Public void save (xmlwriter writer) {writer. writestartdocument (); writer. writestartelement ("email"); writer. writestartelement ("headers"); writer. writestartelement ("Header"); writer. writeelementstring ("name", "to"); writer. writeelementstring ("value", this. to); writer. writeendelement (); // The title writer. writestartelement ("Header"); writer. writeelementstring ("name", "from"); writer. writeelementstring ("value", this. from); writer. writeendelement (); // The title writer. writestartelement ("Header"); writer. writeelementstring ("name", "subject"); writer. writeelementstring ("value", this. subject); writer. writeendelement (); // The title writer. writestartelement ("Header"); writer. writeelementstring ("name", "sent"); writer. writeelementstring ("value", xmlconvert. tostring (this. sent); writer. writeendelement (); // The title writer. writeendelement (); // Title; writer. writestartelement ("body"); writer. writeraw (this. body); writer. writeenddocument (); // close all opened tags}
This code generates the following XML document
<Email>
Use onlyXmlserializerIt is impossible to generate the above XML document.XmlwriterAnother advantage is that it can be extracted from the basic target to the target of the data to be written, so it can be from the files on the disk to the strings in the memory (or even xmlnodewriter (English)XmldocumentTitle.

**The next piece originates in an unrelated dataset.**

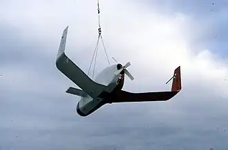 The CQM-121 program began in 1983, with Boeing being awarded a contract for the development of a small drone aircraft that was intended for the suppression of enemy air defenses.[1] The resulting YCQM-121A, given the code name "Pave Tiger", was a tailless aircraft powered by a two-stroke engine.[2] The drones were to be fitted in 15-cell containers with wings folded; the sides of the container would open to allow for launch on a rail using a solid-fuel rocket booster. The aircraft would then follow a pre-programmed route, and could either use electronic countermeasures to suppress air defense systems, or use a small warhead to directly destroy them.[3]
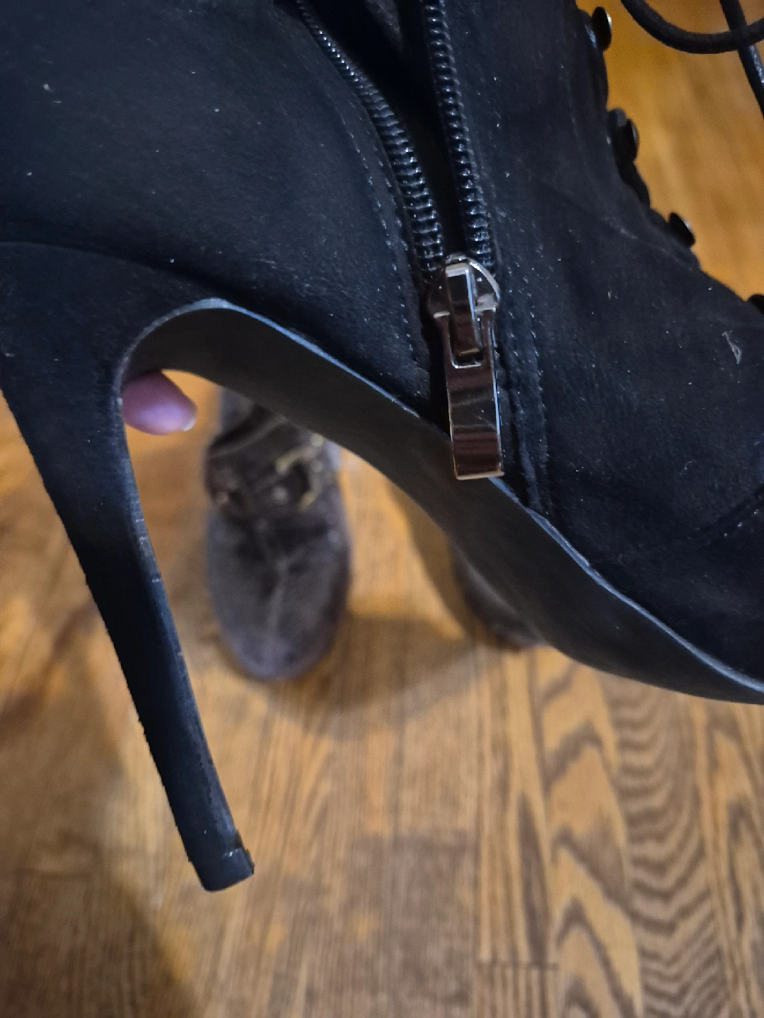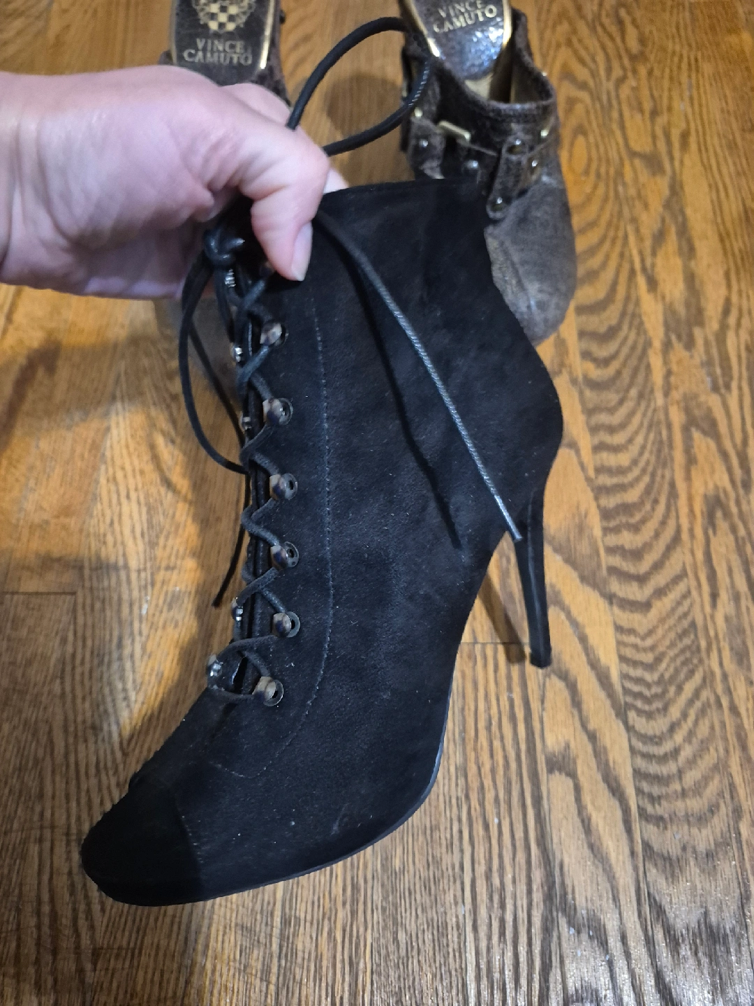 Selling a pair of Steve Madden black lace-up heeled booties. They're in great condition and ready for a new home! They feature a stylish lace-up design and a sleek heel.

If you want to provide a way to make the class more fully involved in the XML world (such as interacting with XML technologies such as XPath or XSLT), the best choice for this class is to implementIxpathnavigableAnd provideXpathnavigator. In this example, objectxpathnavigator provides an XML view for any object that enables you to execute XPath queries or run XSLT transformations on the above objects.
CriteriaIf the object needs to express itself in XML for serialization purposes, when it needs to obtain the XML serialization process control ratioXmlserializerUseXmlwriter. If an object is to represent itself in XML, so that it can be fully involved as a member of the XML world (for example, XPath query or XSLT conversion on this object ), then this object should be implementedIxpathnavigableInterface.
Back to Top
Conclusion
In future. NET Framework versions, more emphasis will be placed on the cursor-based xml api (for exampleIxpathnavigableAPI exposedXpathnavigator). This type of cursor will become the main mechanism for interaction with XML in. NET Framework.
Dare ObasanjoIs a member of the Microsoft webdata team. In addition to other transactions, the team also developed.. NET Framework system. XML and system. data namespace, Microsoft XML Core Service (MSXML), and Microsoft Data Access Component (MDAC) components.